[Exercise aim] Reproduce each line below precisely. Drop the pictures.

[Working data]
......
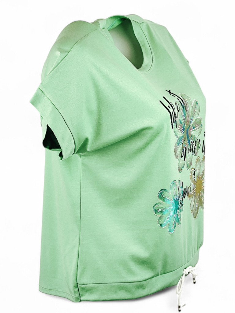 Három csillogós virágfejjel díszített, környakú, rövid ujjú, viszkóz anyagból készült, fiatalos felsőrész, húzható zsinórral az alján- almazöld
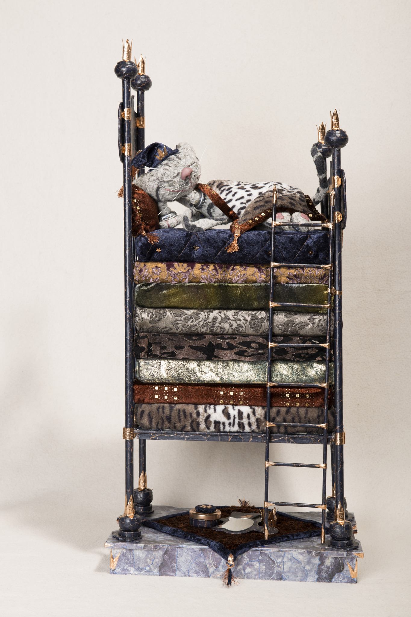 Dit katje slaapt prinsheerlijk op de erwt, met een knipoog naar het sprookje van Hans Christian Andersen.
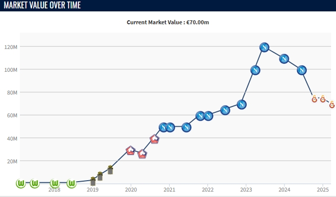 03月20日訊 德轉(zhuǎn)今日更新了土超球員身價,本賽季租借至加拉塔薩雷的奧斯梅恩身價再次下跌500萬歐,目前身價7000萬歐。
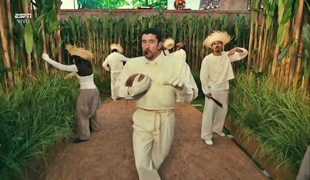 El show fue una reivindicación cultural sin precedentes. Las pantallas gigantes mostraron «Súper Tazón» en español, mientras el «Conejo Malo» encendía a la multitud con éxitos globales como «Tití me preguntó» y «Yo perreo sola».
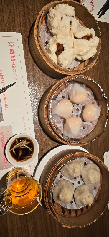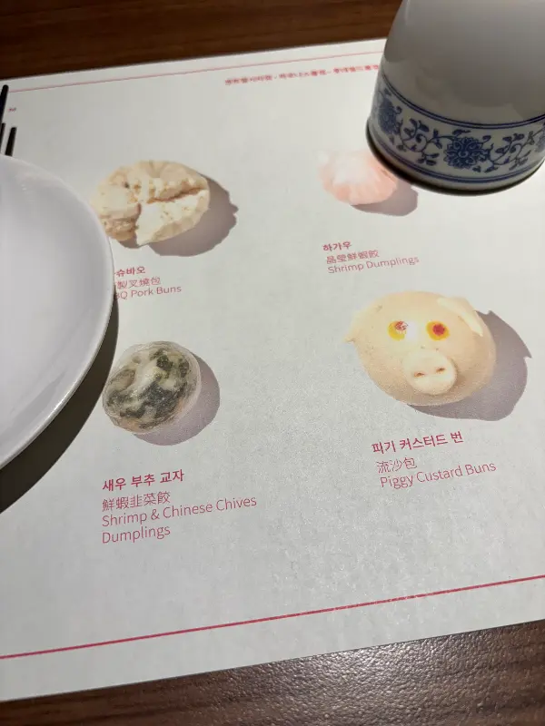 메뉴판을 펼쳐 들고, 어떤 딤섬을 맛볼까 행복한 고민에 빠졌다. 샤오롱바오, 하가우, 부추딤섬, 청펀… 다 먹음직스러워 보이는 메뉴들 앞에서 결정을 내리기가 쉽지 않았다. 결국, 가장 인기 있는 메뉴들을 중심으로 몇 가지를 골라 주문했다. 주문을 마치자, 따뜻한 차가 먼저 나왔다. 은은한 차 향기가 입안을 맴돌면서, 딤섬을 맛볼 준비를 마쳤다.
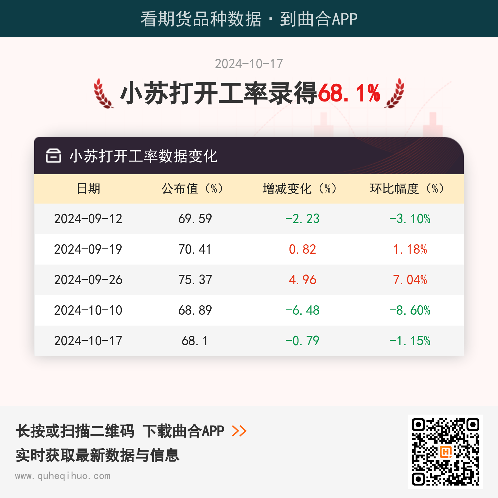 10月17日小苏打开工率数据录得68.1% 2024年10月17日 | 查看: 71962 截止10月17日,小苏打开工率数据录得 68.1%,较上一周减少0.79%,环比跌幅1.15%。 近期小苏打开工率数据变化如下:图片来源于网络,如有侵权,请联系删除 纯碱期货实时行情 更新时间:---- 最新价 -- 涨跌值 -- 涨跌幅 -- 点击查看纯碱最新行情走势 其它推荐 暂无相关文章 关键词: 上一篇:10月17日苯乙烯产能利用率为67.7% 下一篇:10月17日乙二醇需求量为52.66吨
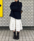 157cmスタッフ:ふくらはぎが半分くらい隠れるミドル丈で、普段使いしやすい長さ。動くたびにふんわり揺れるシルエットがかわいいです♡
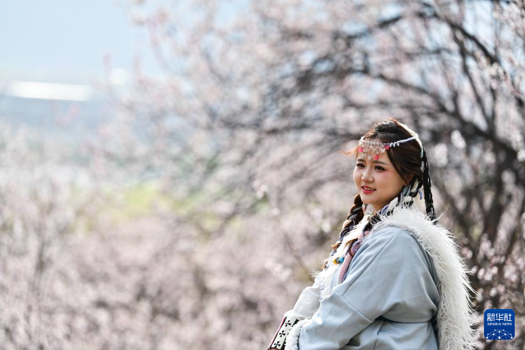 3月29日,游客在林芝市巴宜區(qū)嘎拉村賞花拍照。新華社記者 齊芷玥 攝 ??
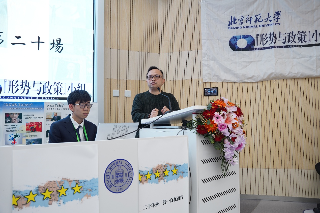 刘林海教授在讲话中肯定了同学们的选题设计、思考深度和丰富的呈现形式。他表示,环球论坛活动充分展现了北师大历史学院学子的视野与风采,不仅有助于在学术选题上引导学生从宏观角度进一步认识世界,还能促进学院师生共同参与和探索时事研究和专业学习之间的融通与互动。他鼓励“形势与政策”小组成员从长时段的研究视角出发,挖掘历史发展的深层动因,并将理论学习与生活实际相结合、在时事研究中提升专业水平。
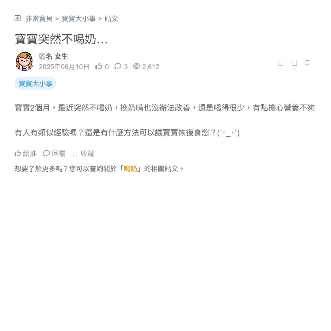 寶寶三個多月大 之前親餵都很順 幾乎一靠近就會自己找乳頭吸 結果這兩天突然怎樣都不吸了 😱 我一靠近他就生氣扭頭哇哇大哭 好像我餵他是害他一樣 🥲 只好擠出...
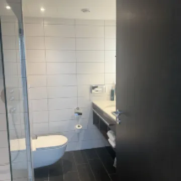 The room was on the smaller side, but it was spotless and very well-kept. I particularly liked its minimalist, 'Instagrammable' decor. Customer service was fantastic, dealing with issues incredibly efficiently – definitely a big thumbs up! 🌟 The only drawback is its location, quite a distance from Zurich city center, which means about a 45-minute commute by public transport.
......
[Solution for this exercise]
 Három csillogós virágfejjel díszített, környakú, rövid ujjú, viszkóz anyagból készült, fiatalos felsőrész, húzható zsinórral az alján- almazöld
 Dit katje slaapt prinsheerlijk op de erwt, met een knipoog naar het sprookje van Hans Christian Andersen.
 03月20日訊 德轉(zhuǎn)今日更新了土超球員身價,本賽季租借至加拉塔薩雷的奧斯梅恩身價再次下跌500萬歐,目前身價7000萬歐。
 El show fue una reivindicación cultural sin precedentes. Las pantallas gigantes mostraron «Súper Tazón» en español, mientras el «Conejo Malo» encendía a la multitud con éxitos globales como «Tití me preguntó» y «Yo perreo sola».
 메뉴판을 펼쳐 들고, 어떤 딤섬을 맛볼까 행복한 고민에 빠졌다. 샤오롱바오, 하가우, 부추딤섬, 청펀… 다 먹음직스러워 보이는 메뉴들 앞에서 결정을 내리기가 쉽지 않았다. 결국, 가장 인기 있는 메뉴들을 중심으로 몇 가지를 골라 주문했다. 주문을 마치자, 따뜻한 차가 먼저 나왔다. 은은한 차 향기가 입안을 맴돌면서, 딤섬을 맛볼 준비를 마쳤다.
 10月17日小苏打开工率数据录得68.1% 2024年10月17日 | 查看: 71962 截止10月17日,小苏打开工率数据录得 68.1%,较上一周减少0.79%,环比跌幅1.15%。 近期小苏打开工率数据变化如下:图片来源于网络,如有侵权,请联系删除 纯碱期货实时行情 更新时间:---- 最新价 -- 涨跌值 -- 涨跌幅 -- 点击查看纯碱最新行情走势 其它推荐 暂无相关文章 关键词: 上一篇:10月17日苯乙烯产能利用率为67.7% 下一篇:10月17日乙二醇需求量为52.66吨
 157cmスタッフ:ふくらはぎが半分くらい隠れるミドル丈で、普段使いしやすい長さ。動くたびにふんわり揺れるシルエットがかわいいです♡
 3月29日,游客在林芝市巴宜區(qū)嘎拉村賞花拍照。新華社記者 齊芷玥 攝 ??
 刘林海教授在讲话中肯定了同学们的选题设计、思考深度和丰富的呈现形式。他表示,环球论坛活动充分展现了北师大历史学院学子的视野与风采,不仅有助于在学术选题上引导学生从宏观角度进一步认识世界,还能促进学院师生共同参与和探索时事研究和专业学习之间的融通与互动。他鼓励“形势与政策”小组成员从长时段的研究视角出发,挖掘历史发展的深层动因,并将理论学习与生活实际相结合、在时事研究中提升专业水平。
 寶寶三個多月大 之前親餵都很順 幾乎一靠近就會自己找乳頭吸 結果這兩天突然怎樣都不吸了 😱 我一靠近他就生氣扭頭哇哇大哭 好像我餵他是害他一樣 🥲 只好擠出...
 The room was on the smaller side, but it was spotless and very well-kept. I particularly liked its minimalist, 'Instagrammable' decor. Customer service was fantastic, dealing with issues incredibly efficiently – definitely a big thumbs up! 🌟 The only drawback is its location, quite a distance from Zurich city center, which means about a 45-minute commute by public transport.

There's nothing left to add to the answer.